If teens do not get enough vitamin D during puberty, they may not reach their full bone growth potential, according to the Linus Pauling Institute. While the body is able to manufacture vitamin D through sun exposure, if your teen uses sunblock or has limited sun time, manufacturing enough vitamin D may be difficult. The recommended dietary allowance for vitamin D for teenage boys is 600 international units per day. While fatty fish such as salmon are a naturally good source of vitamin D, most teen boys may have an easier time meeting their daily vitamin D needs with fortified foods such as milk, orange juice or soy milk.

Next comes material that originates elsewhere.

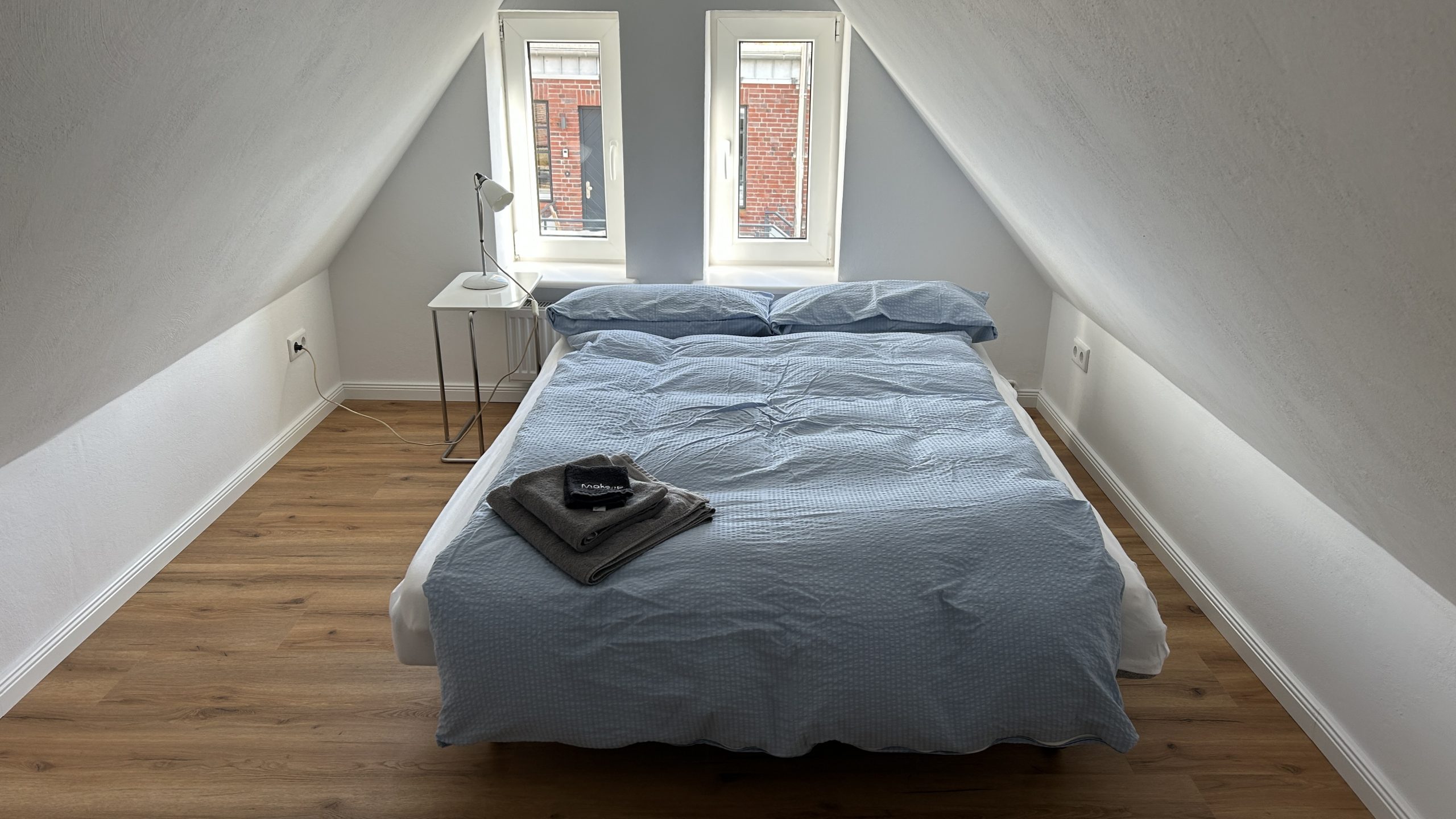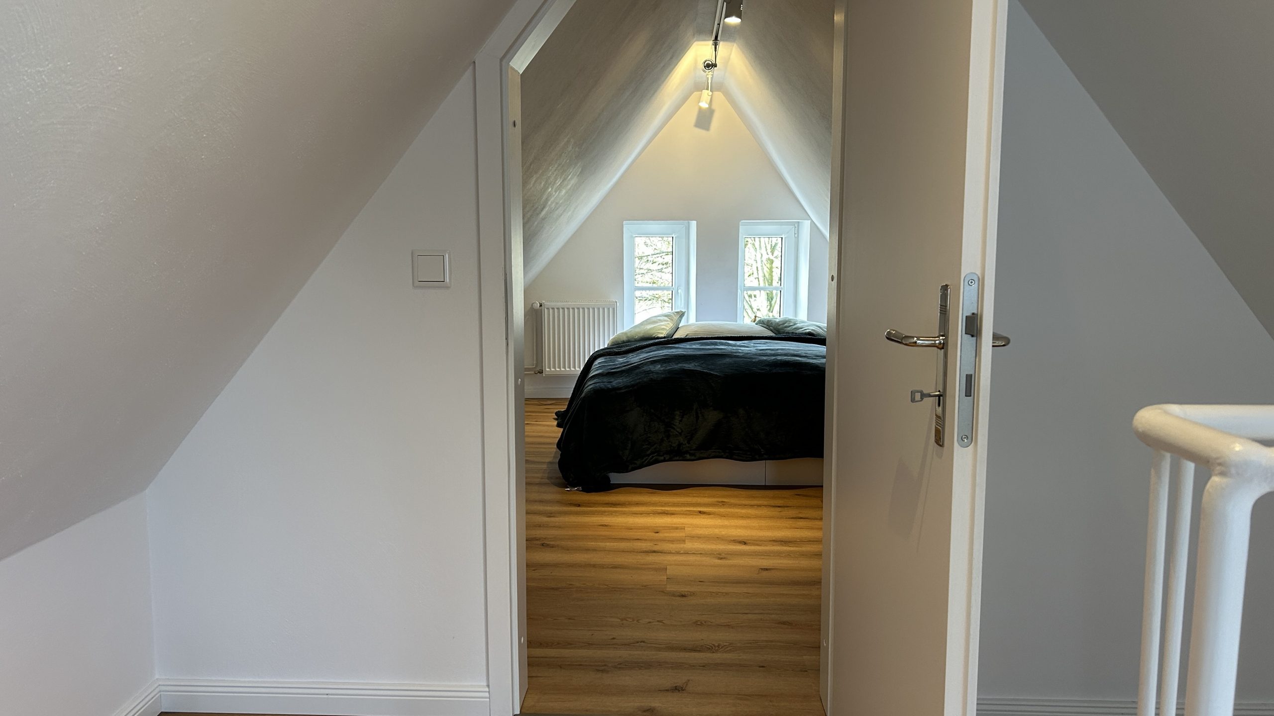 Im ersten Stock befinden sich die zwei Schlafzimmer, die jeweils mit Smart-TV ausgestattet sind. Das Masterbedroom für zwei Personen mit Boxspringbett (160 cm x 200 cm) hat einen wunderbaren Blick auf die Gracht und Treene. Das zweite Schlafzimmer mit Polsterbett (160 x 200 cm) hat den Blick auf die frisch angelegten Gründächer und den Innenhof mit Blick auf die alte Werkstatt mit den beiden Loftwohnungen,

Teenage boys need adequate vitamin C for healthy teeth and bones and the formation of cartilage. Although information on vitamin C intake in teens is limited, some teen boys may not be getting enough, says the Linus Pauling Institute. Teen boys need 75 milligrams of vitamin C a day and can meet their needs by including foods such as oranges or orange juice, peppers, tomatoes and broccoli in their diet.
The eight B vitamins help the body process food into energy. These vitamins are found in including leafy greens, whole grains, meats, beans and dairy products. As long as your teenager eats a variety of different foods, he should be able to get the Bs he needs for good health. However, if your teenage boy is on a strict vegan diet, meaning he does not eat any animal products such as meat or dairy, he may need to supplement his diet with vitamin B-12.